He flicks the cigarette away.
“Were you expecting something different?”
“Probably. I personally wasn’t expecting anything at all.”
To get up and leave now would be impolite. Even though it’s the most logical thing to do. And I’m very uncomfortable with the whole setup, my head being at the level of his knees.
I move to the bench next to him.
“You are a Jumper, aren’t you?”
I look Ralph in the face. He is completely out of all imaginable and even unimaginable bounds. What did I do to provoke this, I wonder. Actually answered his questions? That might be it. Anyone else in my place would have just told him to get lost. There are countless ways of doing it without resorting to open insolence. Ralph wouldn’t bat an eye if I were to say “What was that? A Jumper? How do you mean? Do I look like a kangaroo to you?” He’s most likely expecting exactly that. But as I run through the different variations of “What was that” in my head, each feels more repulsive than the next. It’s better to simply tell him to go to hell. But I can’t do that, now can I. Because last winter when we sent Blind to him, asking him to find out at least something about Noble, he didn’t tell us to go to hell. He didn’t feign surprise. He didn’t even tell us off for being impertinent. He went who knows where and did so much more there than we could have ever hoped. If I played dumb right now and started prattling about kangaroos I’d lose all respect for myself, however much I have left of it. So I say:
“Yes, I’m a Jumper. Why?”
Ralph is stunned. He looks at me with his mouth hanging open, searching for words.
“You sound very calm about it.”
“I am not calm,” I say. “I’m nervous. I’m just not showing it.”
“But other…” he stumbles over the word “Jumpers” and says “people like you” instead, “never talk about it.”
“Because I’m a bad Jumper. Defective.”
Ralph freezes, his eyes glinting hungrily. He thinks he’s found something incredibly valuable while rummaging in a dump, and can’t quite believe his luck.
“Bad, what does that mean?”
That’s when I realize that I probably need this conversation even more than he does. Because no one ever asks you about obvious things. Or things that seem obvious.
I lean back and close my eyes. The sun is directly in my face. A good excuse for not looking at the person you’re talking to.
“I don’t like it.”
I don’t need to look at him to see how surprised he is. I answer the question before he gets it out:
“I don’t Jump. You don’t have to do something only because you can. And you don’t have to like doing it either.”
I open my eyes and see him not even breathing, as if his breath might somehow spook me.
“It happened to me on that very morning. For the first time, and for six years. When I woke up and they brought me a mirror, it wasn’t that I got scared of my bald head, as everyone assumed. I was scared to see a little boy there. Because I was no longer him. If you can imagine that, you’ll understand why I haven’t Jumped since then.”
“Are you saying that ever since that time…”

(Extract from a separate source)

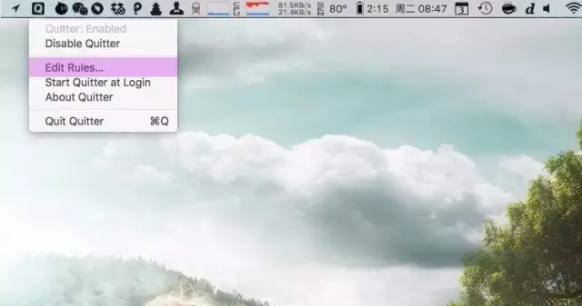 激活 Quitter 后会在顶部菜单栏常驻一个 icon,可以通过它激活或休眠应用。使用之前我们需要先配置一些规则,点击「Edit Rules」进入配置页面。

“Yes, ever since that time. I haven’t and I’m not planning to. Unless it happens by itself. A nervous shock, a sudden fright. That kind of thing leads to Jumping sometimes. Isn’t it the same with you?”
“I never…” he begins.
“Of course you did. You just forgot. People forget it very quickly.”
There we go. Now he’s choking. And I’m not handy with the taps on the back. It’s very hard to gauge the strength of a slap with prosthetics. This ruins many friendly gestures for me. I pull the legs up on the bench, put my chin on the knee and look at him coughing spasmodically. A child playing with matches. Makes a fire, imitating daddy lighting them, and then is honestly surprised when real firemen show up in a real fire truck. You’d think he had those books when he was a kid where this causal relationship was featured in big letters, short words and colorful pictures.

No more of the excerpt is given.